4. Notices to Account Debtors and Obligors in Security Agreement.
Section 3(b) of the Security Agreement is amended and restated to read in its
entirety as follows:
Agent may at any time after an Event of Default has occurred
and is continuing, without prior notice to any Grantor, notify Account
Debtors and other Persons obligated on the Collateral that Agent has a
security interest therein, and that payments shall be made directly to
Agent. Upon the request of Agent during the continuance of an Event of
Default, each Grantor shall so notify Account Debtors and other Persons
obligated on Collateral. Once any such notice has been given to any
Account Debtor or other Person obligated on the Collateral, the
affected Grantor shall not give any contrary instructions to such
Account Debtor or other Person without Agent's prior written consent.
5. Payment Intangibles in Security Agreement. Section 3(c) of the
Security Agreement is amended as follows: After each reference to "Chattel
Paper", the following phrase is added:
and/or payment intangibles
6. Power to Transfer in Security Agreement. Section 4(a) of the
Security Agreement is amended and restated to read in its entirety as follows:
Each Grantor has rights in and the power to transfer each item
of the Collateral upon which it purports to xxxxx x Xxxx hereunder free
and clear of any and all Liens other than Permitted Encumbrances.
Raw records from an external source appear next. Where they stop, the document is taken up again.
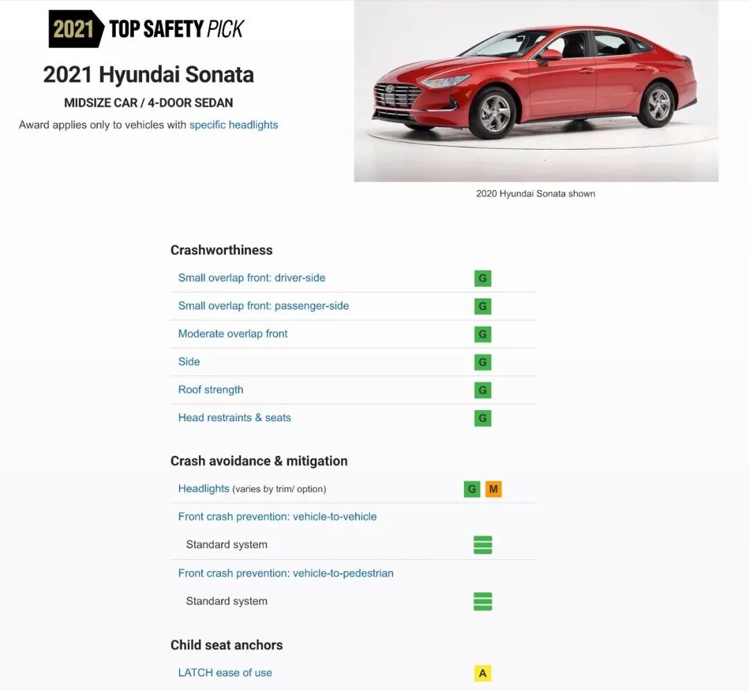 接连在碰撞测试中掉链子,是现代没有能力设计出一款安全的车型吗?并非如此!查看第十代索纳塔在美国的测试成绩我们可以得知,在号称全球最严格的IIHS碰撞安全测试中,除了低配车型的大灯照明效果获得了差评以及儿童安全座椅接口的易用性有所丢分以外,在各项主被动安全测试中索纳塔均获得了高分评价,就连副驾驶侧25%偏置碰撞也同样得到了好评。
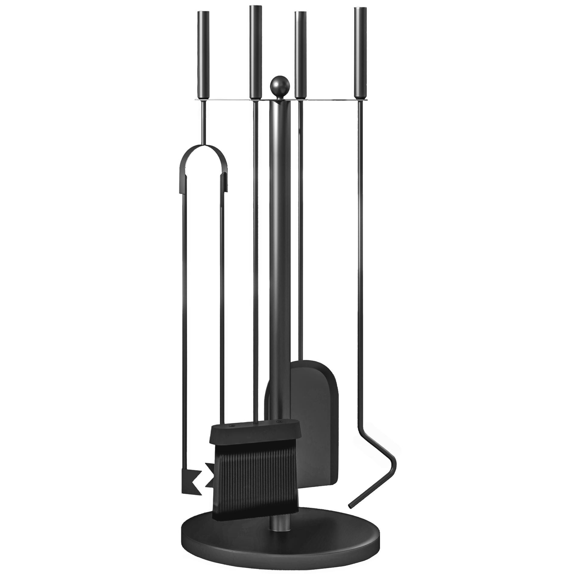 Serviteur de cheminée moderne 5 pièces - balai, pelle, pince, tisonnier, support - métal noir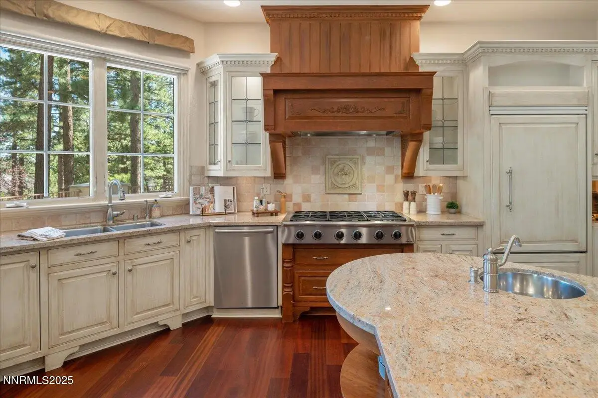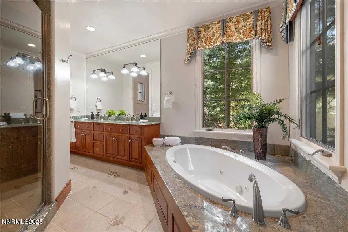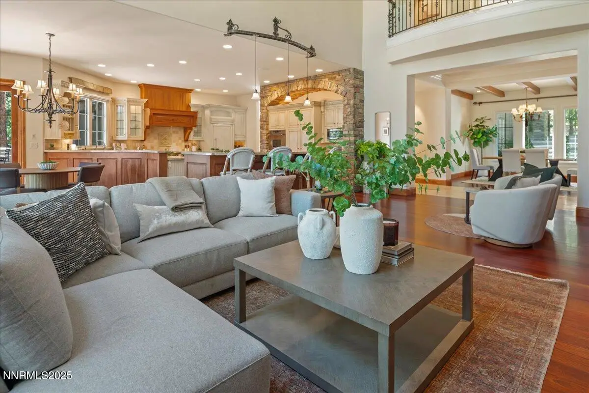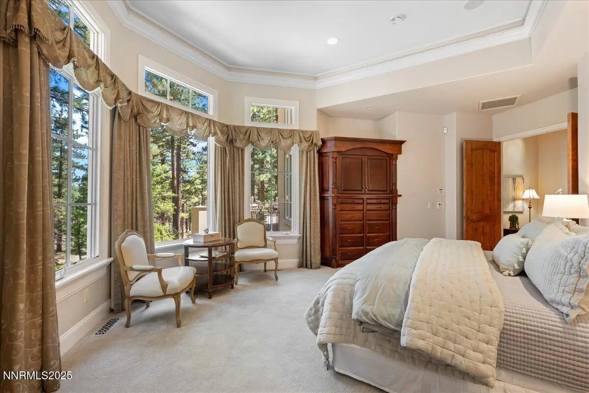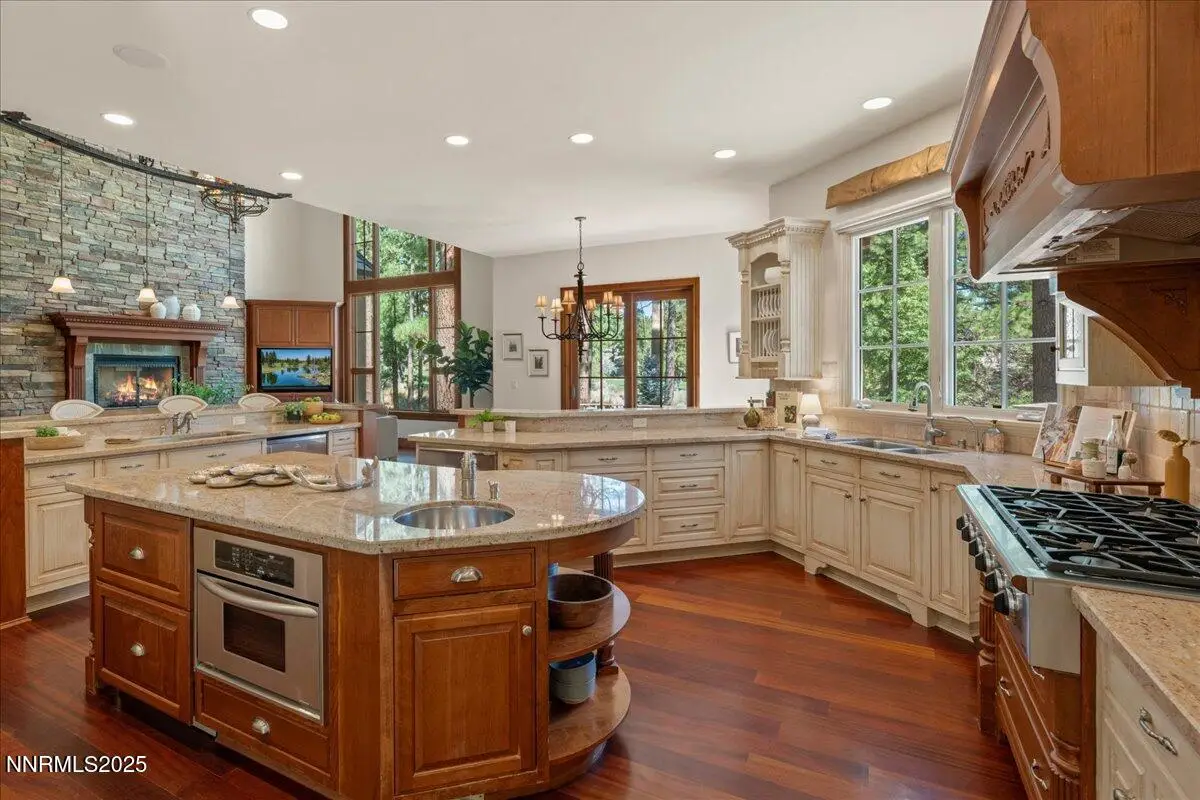 Elegant custom estate in Montreux that sits at the end of a cul-de-sac on the 13th Fairway of the Jack Nicklaus Signature golf course. This home has Hydronic heating on all floors, plus forced air backup. The Great room has 26' custom fireplace and open beam trusses, Brazilian cherry flooring with a new Lutron lighting system. While in the home you are in a beautiful mature forest setting. Main floor has the primary bed/bath, guest suite/bath, living room, kitchen, great room, dining room, laundry room, garages, deck and a Sunroom. Upstairs are 2 bedrooms, 2 bathrooms, office and game room/study. Epoxy floors are in all of the garages. Great floor plan by a renowned local architect.

7. The second sentence of Section 4(c) of the Security Agreement is
amended and restated to read in its entirety as follows:
Such Lien is prior to all other Liens, except Permitted
Encumbrances that would be prior to Liens in favor of Agent for the
benefit of Agent and Lenders as a matter of law or pursuant to the Term
Intercreditor Agreement, and is enforceable as such as against any and
all creditors of and purchasers from any Grantor (other than purchasers
and lessees of Inventory in the ordinary course of business and
non-exclusive licensees of General Intangibles in the ordinary course
of business).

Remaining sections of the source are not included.